Like most of Claudia’s and my adventures, this one started with a line on the map. We were in Plaster City, California and wanted to head up to Anza Borrego Desert State Park, the largest state park in California. This is a trip of a couple of hours, on paved roads, but I saw an alternative route in the DeLorme Atlas and Gazetteer called the Old Overland Stage Route. The Old Overland Stage Route is part of the historic Butterfield Overland Mail Route that, from 1857 to 1861, carried passengers and mail from Memphis, Tennessee and St. Louis, Missouri to San Francisco, California. It follows a sand track north along the railroad tracks from Plaster City, then west through the Carrizo Badlands of Anza Borrego State Park, to its eventual intersection with Highway S2 where it becomes the Great Southern Overland Stage Route of 1849 and continues north to Scissors Crossing and the junction with Highway 78. There were a few questionable parts on the route, but after checking the GPS and finding the track shown, the decision was made, we were following the Old Overland Stage Route west.
After checking out a possible replacement for the Land Cruiser,
which, according to Claudia, wasn’t going to work, we headed north along the railroad tracks.

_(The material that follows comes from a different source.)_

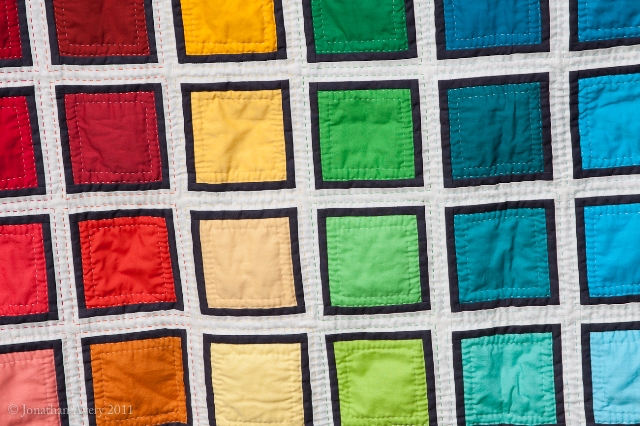 I had plenty of Kona charm squares left to make a rainbow stripe down the back. The binding is charcoal.
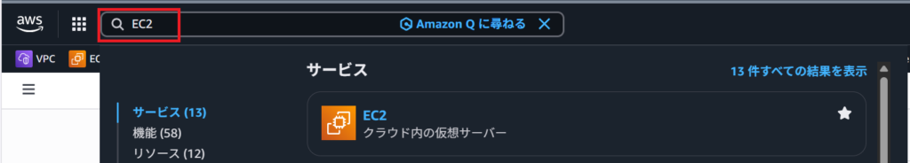 ②虫眼鏡の検索欄に「EC2」を入力して、サービスEC2をクリックです。

Our first turn to the west followed a wash that headed in the wrong direction, but after a quick backtrack and a steep climb to higher ground, we were finally heading out on the Old Overland Stage Route.
The first questionable part of the route was how close it ran to the El Centro Naval Reservation and specifically, how close it ran to the bombing range of the El Centro Naval Reservation.
It was close, but stayed on the right side of safety, so questionable Part #1 was not a problem, but after following the GPS for a few more miles we came upon questionable Part #2, the Carrizo Arial Gunnery Range.
Most of the tire tracks we were following had turned north at the border with the El Centro Naval Reservation, but there were a few that continued west and those that did passed this sign. At this point we figured:
- The sign was faded and old; obviously not a current warning sign
- If there were unexploded military ordnance on the route, the vehicles that traveled through before us would have cleared them out and
- The GPS clearly shows the road goes through here and the GPS is never wrong.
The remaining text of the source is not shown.